I wasn’t going to do this so soon after my post praising emails, but then again, I most certainly send more text messages than emails, so I wouldn’t want to leave them out. They are so little and helpless, it would be wrong to suggest they aren’t just as capable and perhaps more useful than the email. But you might not realize it, given their generally on-the-fly composition and limited space capacities.

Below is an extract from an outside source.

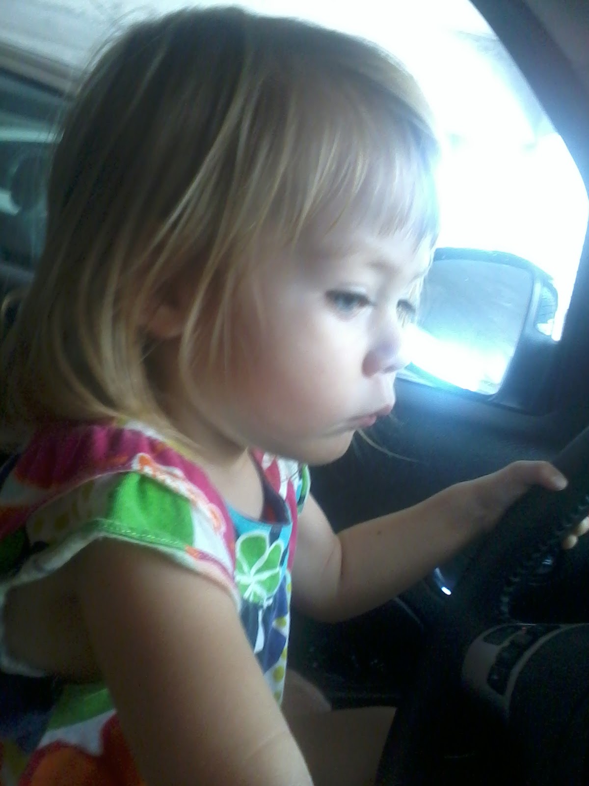 We came back to earth later when we left the museum. She announced 'NO CARSEAT!' at the top of her lungs and her tiny body went rigid. The top of her head went hot and moist as it does when she's about to loose her temper. I went ahead and lost mine first. I slammed her door, huffed into the driver's seat and announced 'Mama is VERY angry right now.' Productive. She putzed around the back seat for a while as I fumed, returned texts and ignored her. Then she crawled into the front seat, gave me her under-the-lashes grin and said 'Uth push buttons' as she proceeded to touch every button on my console. I felt a wave of irritation begin to crest. It receded abruptly as she crawled into my lap and let her whole body melt into mine in our familiar pattern. Happy contentment flowed from her and into me as she giggled about driving the car and we made silly car noises.

For those of you cool enough to possess a phone that allows you to send emails, you may neglect the poor text message as a pointlessly restricted tool you only use with your hopelessly flawed friends and colleagues who don’t yet have a smart phone. But I contend that the text message is not limited, but an art form, of sorts. While unlimited texting packages really eliminate the need to express yourself in 145 characters, I still enjoy the challenge.  {Note: I know not one thing about Twitter but I suspect there are some similarities in the limited character counts, etc…} I love editing as a general rule, but there is something really empowering about taking a 200 character message and whittling it down to the requisite 145 character mark. If I can express an emotion, a concern and make plans in that limited space, I feel I have really accomplished something (though this may say more about the state of my ego that I consider this to be an accomplishment…).

Not to mention that it’s even more instantaneous communication than email is. I can’t think of anybody who doesn’t have a cellular phone – and of all of those people, a vast majority of them carry their phones with them everywhere…on vacation, in the hospital, to the bathroom… always connected. Emails are a little riskier in that case – you probably aren’t going to be able to reach your friend who got run over by a psychotic cyclist and is laid up in the hospital via email. Granted, she may have a cool phone… but maybe not! And texts are a sure-fire method of reaching said victim of attempted Cyclocide.

Before 9 this morning, I’d sent three text messages. It would have been more if the recipients had responded, but one of them has just had a baby, one is on medical leave from work and lives in the boonies where reception is touch-and-go, and the third was Hubby, who actually did respond with “ok” – and really there’s not much to say back to that. I don’t imagine Hubby has much appreciation for texting as an art form – we recently found that I am incapable of staying within a limited number of text messages per month. Come on! What does he expect? I can text my Mom now. Texts are glorious indeed!